*** EXERCISE MATERIALS Section Begins ***
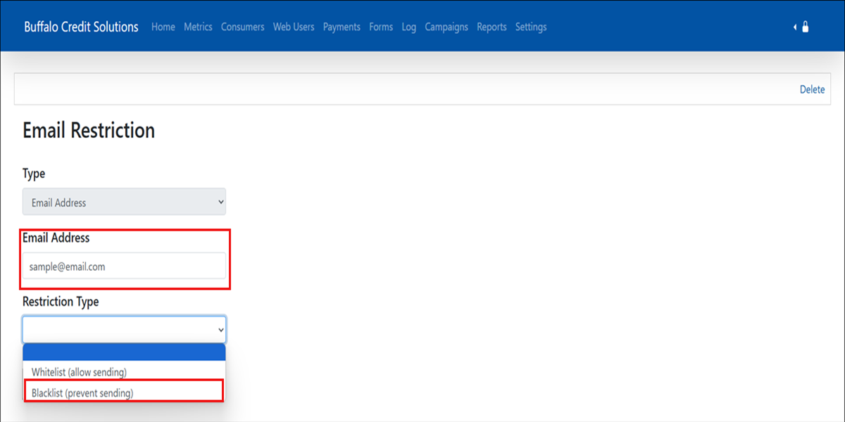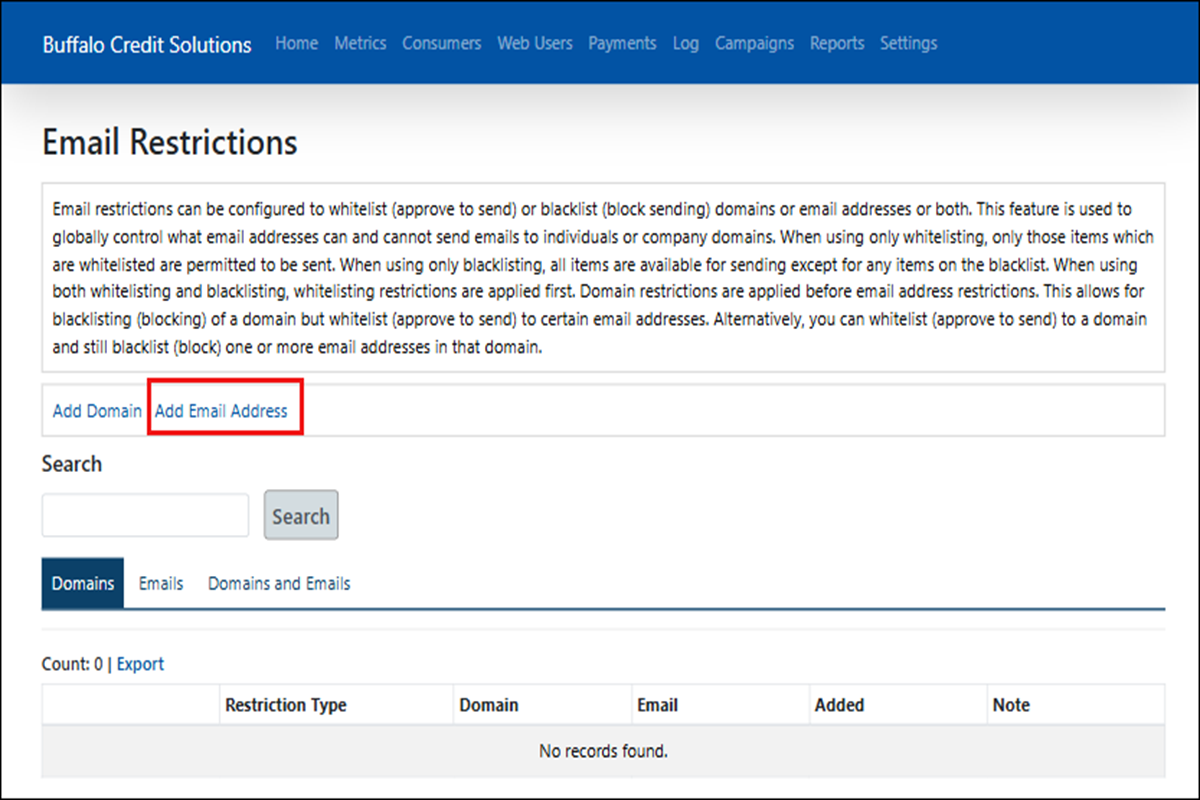There might be times when a consumer has verbally told you that they do not want to be contacted at a certain email address. To restrict any future email communications, follow these steps.
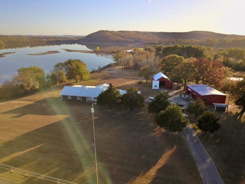 Experience peaceful lake living on this 13.5 +/- acre waterfront retreat on beautiful Lake Eufaula. The property features a charming rock-exterior home with a durable metal roof, large scenic windows, and spacious rooms offering direct water views throughout.Enjoy open pasture, mature trees, and multiple outbuildings, including a 36'15' +/- barn and a 29'49' +/-shop with three bay doors, new spray-foam insulation, and power. A rain-fed pond recently pumped septic system, and three hot water heaters provide added convenience.The home offers direct lake access and a covered patio off both the living room and primary suite. Ideal for a full-time residence, weekend retreat, or investment opportunity, with room for additional structures if desired. A rare 13.5 +/- acre waterfront property with sweeping views and exceptional privacy.
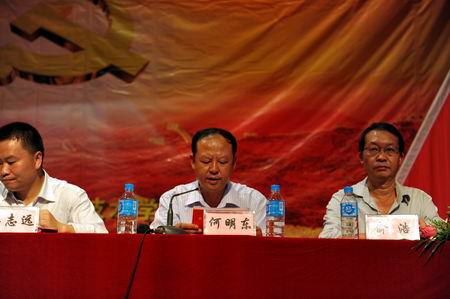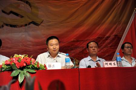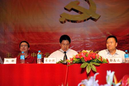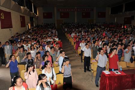 全体起立,奏唱中华人民共和国国歌,大会在庄严的国歌声中拉开序幕。会上,党委书记崔金赋代表学院党委,向全院共产党员致以节日的问候!向受到表彰的优秀共产党员,以及新入党的预备党员表示热烈的祝贺!向辛勤工作在教学、管理等岗位,为学院改革发展作出了自己贡献的所有党员同志,表示由衷的敬意!崔书记回顾了中国共产党90年来的光辉历程,回顾学院107年发展历史中在云南重大历史事件中作出的贡献,以及学院光荣的革命传统。分析了学院改革发展面临的新形势、新任务,并提出了三点要求:第一,全体共产党员要以实际行动向杨善洲同志学习,坚定信仰,不可动摇,确保政治方向正确;摆正位置,平和对事,确保群众基础扎实;生命有限、学海无涯,确保前进动力充足;立足本职,做精做细,确保目标任务完成;加强党性,树立形象,确保执政风格清廉。第二,全体师生员工要进一步增强责任感和紧迫感。每一位党员、每一位教职员工要认清形势、立足本职、做精做细,为学院的发展贡献力量。第三,全体新党员以及老党员要牢记入党誓词,时刻用誓言来规范自己的言行,严格按照党章的要求,发挥党员的先锋模范带头作用,奉献社会、服务人民。
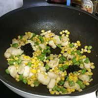 食材: 玉米粒150g、四季豆10条、马蹄6个、盐少许、橄榄菜2勺 步骤1: 马蹄切片、四季豆切粒、玉米粒洗干净备用 步骤2: 锅里热油,倒入四季豆、玉米粒翻炒 步骤3: 盖上盖焖1分钟 步骤4: 开盖放入马蹄片炒均匀 步骤5: 放入盐、橄榄菜 步骤6: 翻炒均匀即可 步骤7: 成品 步骤8: 成品
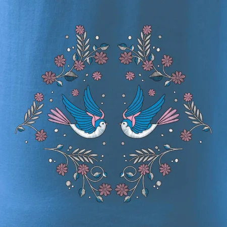 Vtáčiky a folklórne vzory? Áno, aj toto tu nájdeš: Tričko s motívom vtáčikov je vhodný darček pre každého milovníka folklóru a vtákov.
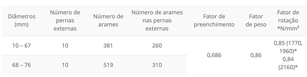 - Disponível em torção direita e torção esquerda
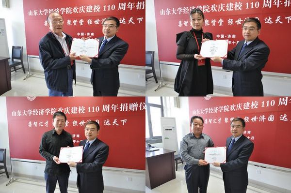 在捐赠仪式上,beats365亚洲版官网原副经理、山东瑞川硅业有限公司董事鲍士龙(左上)捐赠100万元、山东格力电子科技有限公司捐赠50万元(右上)、beats365亚洲版官网经济系77级员工姜东溟(左下)捐赠20万元、山东聊建金柱建设集团有限公司董事长兹留柱(右下)捐赠30万元。
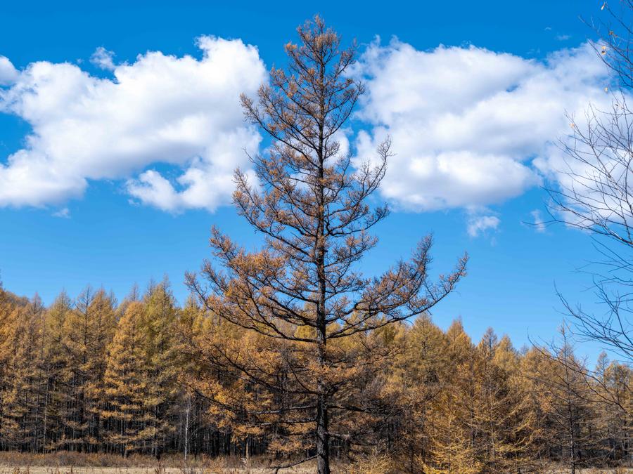 28日、内モンゴル自治区ヤクシ市(フルンボイル市管轄下の県級市)に広がるグイマツ林。(フルンボイル=新華社記者/馬金瑞)
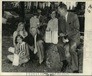 The Luise S. M'Gehee School in Prytania st. was the setting Wednesday last for the annual Father-Daughter luncheon. Pictured at the informal event are Mr. Paul V. Godfrey (left) with his daughters, Kate (foreground), and Ann and Mr. Ralph J. Christman Jr. with his daughter, Charlotte.
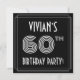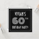 La parte delantera de este elegante diseño de tarjetas de invitación para fiestas de 60 años cuenta con un nombre personalizado, un elegante estilo Art Déco inspirado en el número "60", el mensaje "¡FIESTA DE CUMPLEAÑOS!", y un patrón fronterizo formado por líneas. El frontal también tiene un fondo de color negro de forma predeterminada, pero se puede personalizar a un color diferente si se desea. En la parte posterior se incluyen detalles personalizados sobre el evento, como la fecha, hora, ubicación/lugar y cualquier otra información importante. Invitaciones lujosas, elegantes y personalizadas como éstas pueden ser usadas para invitar a los invitados a una fiesta de cumpleaños que se celebra para honrar el cumpleaños número 60 de alguien. [~Z0000615]
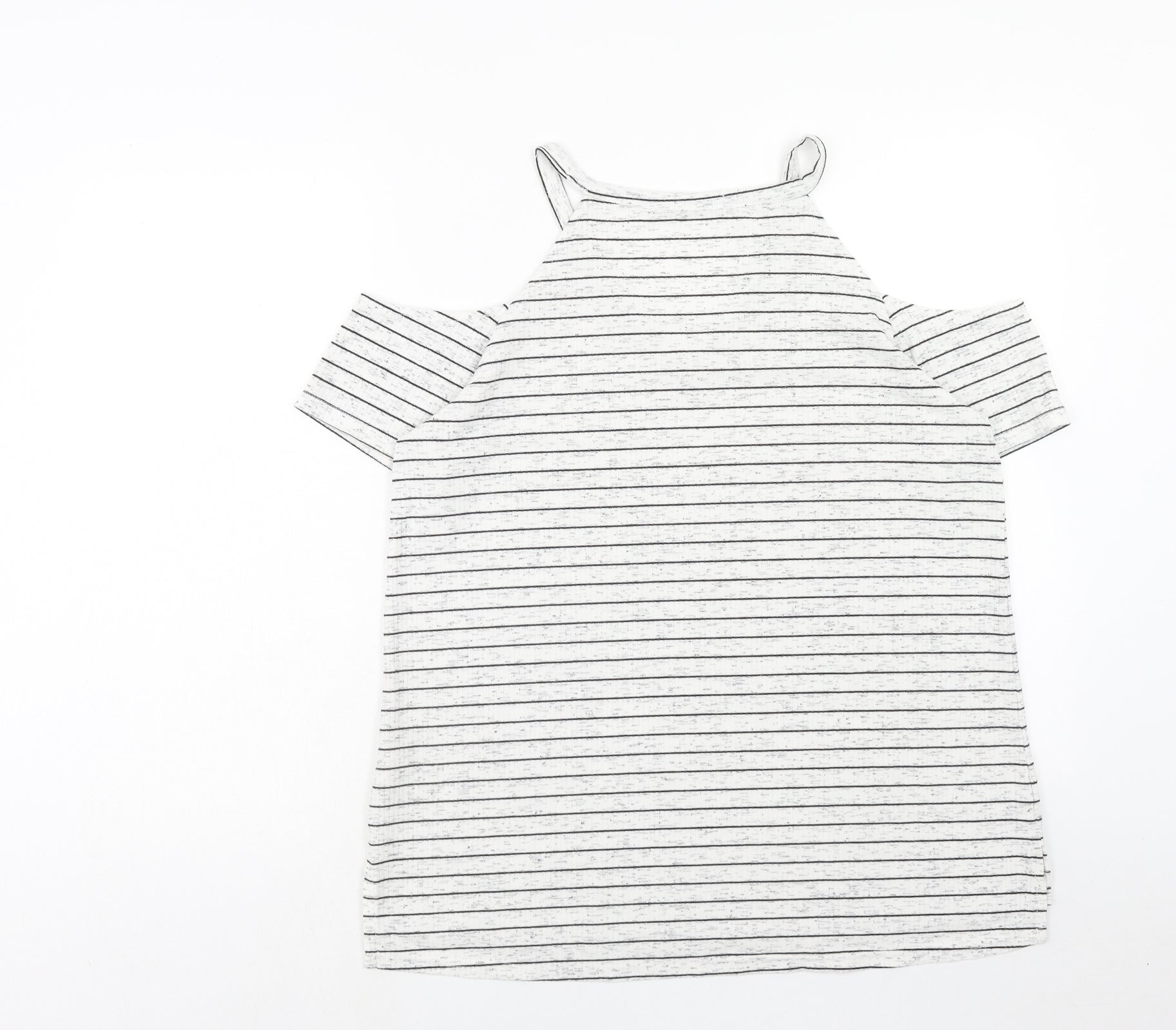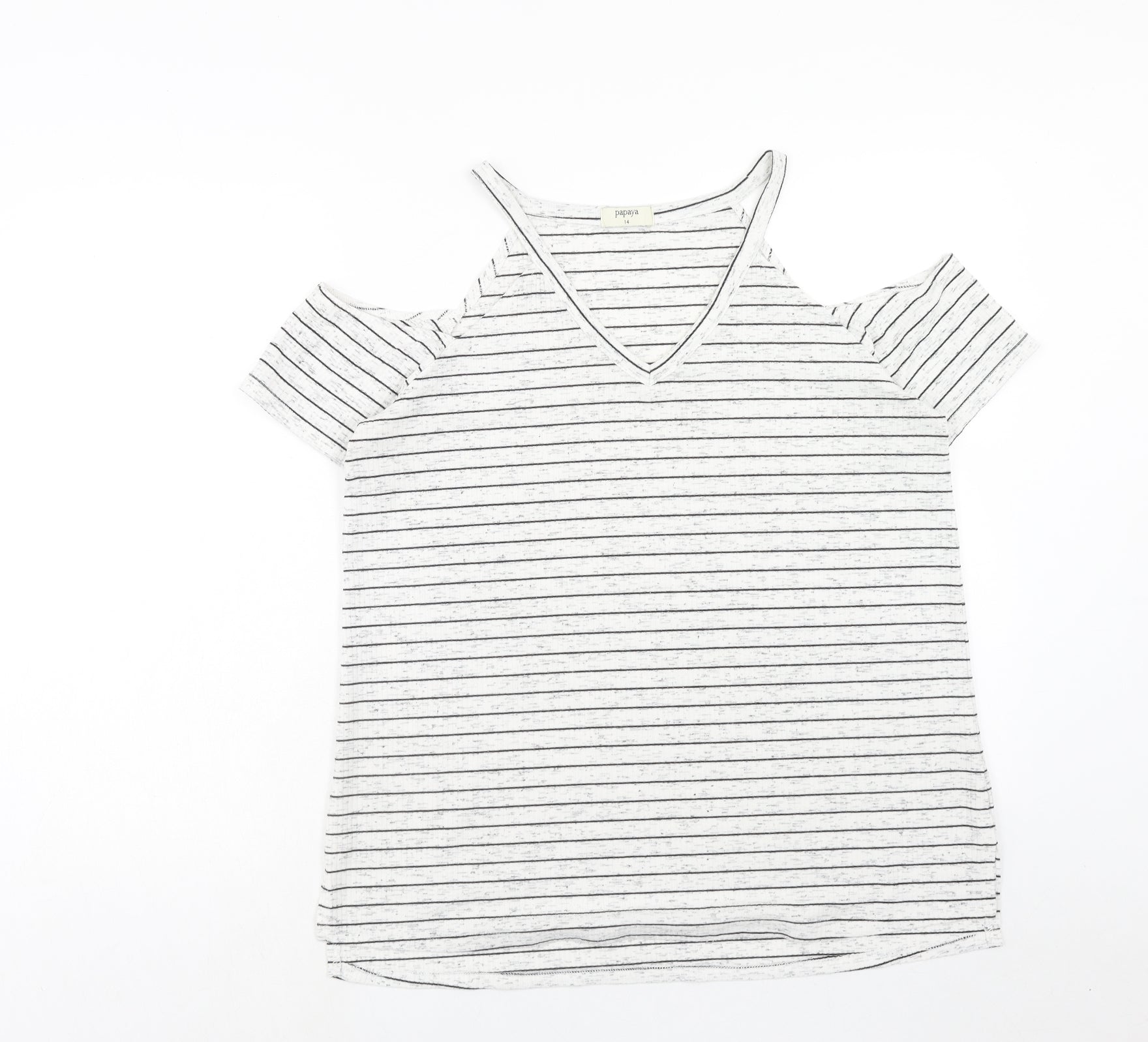 Papaya Womens White Striped Polyester Basic T-Shirt Size 12 V-Neck - Cold Shoulder
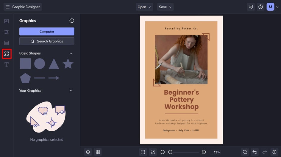 You can also add more graphics by clicking on Graphics in the main menu on the left. You can add some basic shapes to your poster design, or click Search Graphics to access our huge library of clip art, symbols, illustrations, and more. Once selected, drag and drop the new graphics onto your canvas and adjust accordingly.
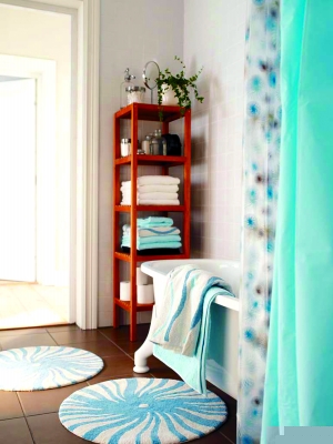 清爽浴室 干凈清爽的白磚本身就能帶給人很整潔干凈的感覺,而冰藍(lán)和純白色浴簾更在整潔中點(diǎn)綴了一絲涼爽,木質(zhì)的擱架也透露出自然的感覺。
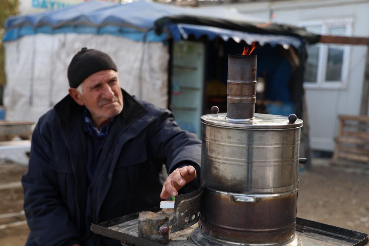 Çay satarak geçimimi sağlıyorum. Kurban Bayramı'nın arifesinde mekanım yandı ve kül oldu. 3 sene önce de eşimi kaybettim. Burada çay satıyorum ama içen de yok. Gelen gidiyor. Ekmek parasını kazanamıyorum. Konteyner için 3 ay uğraştım ve muhtarın vasıtası ile aldık. Bana konteyneri 3 aylığına verdiler. Alırken kağıt imzalattılar ve 3 ay sonra geri alacağız dediler. Müdürüm, 3 ay sonra kışa geliyor, ben kışın ne yapacağım dedim. Sonra 6 ay olsun dediler. Onun da 3 ayı geçti kaldı 3 kaldı. Ben 3 ay sonra ne yapacağım nereye gideceğim ve nerede kalacağım. Suyum şu an kesik durumda. Elektrikten bana 20 bin lira borç çıkarmışlar. Konteynerde elektrik yakıyorum ve ödeyemiyorum. Yakmayınca da soğuktur, geçinemiyorum. Ben bu sene burada ölürüm.
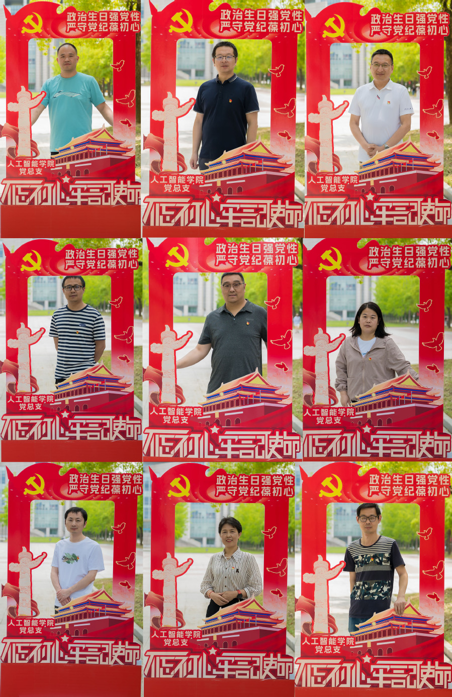 共度政治生日,汲取奋进力量。为强化党员的身份意识和责任意识,人工智能学院党总支为9名六月份入党的党员同志集体过“政治生日”。通过拍摄一张“政治生日纪念照”,增强党员的光荣感、使命感,以镜头定格这美好的时刻;6月11日入党的党员代表徐守江同志,为大家分享自己入党的故事、入党以来的感受和体会;9位六月份入党的党员同志,结合未来努力方向许下“政治生日愿望”,表达不忘初心跟党走、牢记使命踏征程的坚定决心。
*** EXERCISE MATERIALS Section Ends ***
YOUR GOAL:
The response must repeat exactly the lines above from the one with "全体起立,奏唱中华人民共和国" through the one with "The Luise S.", including both, and must contain no pictures and no other text.

WRITTEN RESPONSE:
 全体起立,奏唱中华人民共和国国歌,大会在庄严的国歌声中拉开序幕。会上,党委书记崔金赋代表学院党委,向全院共产党员致以节日的问候!向受到表彰的优秀共产党员,以及新入党的预备党员表示热烈的祝贺!向辛勤工作在教学、管理等岗位,为学院改革发展作出了自己贡献的所有党员同志,表示由衷的敬意!崔书记回顾了中国共产党90年来的光辉历程,回顾学院107年发展历史中在云南重大历史事件中作出的贡献,以及学院光荣的革命传统。分析了学院改革发展面临的新形势、新任务,并提出了三点要求:第一,全体共产党员要以实际行动向杨善洲同志学习,坚定信仰,不可动摇,确保政治方向正确;摆正位置,平和对事,确保群众基础扎实;生命有限、学海无涯,确保前进动力充足;立足本职,做精做细,确保目标任务完成;加强党性,树立形象,确保执政风格清廉。第二,全体师生员工要进一步增强责任感和紧迫感。每一位党员、每一位教职员工要认清形势、立足本职、做精做细,为学院的发展贡献力量。第三,全体新党员以及老党员要牢记入党誓词,时刻用誓言来规范自己的言行,严格按照党章的要求,发挥党员的先锋模范带头作用,奉献社会、服务人民。
 食材: 玉米粒150g、四季豆10条、马蹄6个、盐少许、橄榄菜2勺 步骤1: 马蹄切片、四季豆切粒、玉米粒洗干净备用 步骤2: 锅里热油,倒入四季豆、玉米粒翻炒 步骤3: 盖上盖焖1分钟 步骤4: 开盖放入马蹄片炒均匀 步骤5: 放入盐、橄榄菜 步骤6: 翻炒均匀即可 步骤7: 成品 步骤8: 成品
 Vtáčiky a folklórne vzory? Áno, aj toto tu nájdeš: Tričko s motívom vtáčikov je vhodný darček pre každého milovníka folklóru a vtákov.
 - Disponível em torção direita e torção esquerda
 在捐赠仪式上,beats365亚洲版官网原副经理、山东瑞川硅业有限公司董事鲍士龙(左上)捐赠100万元、山东格力电子科技有限公司捐赠50万元(右上)、beats365亚洲版官网经济系77级员工姜东溟(左下)捐赠20万元、山东聊建金柱建设集团有限公司董事长兹留柱(右下)捐赠30万元。
 28日、内モンゴル自治区ヤクシ市(フルンボイル市管轄下の県級市)に広がるグイマツ林。(フルンボイル=新華社記者/馬金瑞)
 The Luise S. M'Gehee School in Prytania st. was the setting Wednesday last for the annual Father-Daughter luncheon. Pictured at the informal event are Mr. Paul V. Godfrey (left) with his daughters, Kate (foreground), and Ann and Mr. Ralph J. Christman Jr. with his daughter, Charlotte.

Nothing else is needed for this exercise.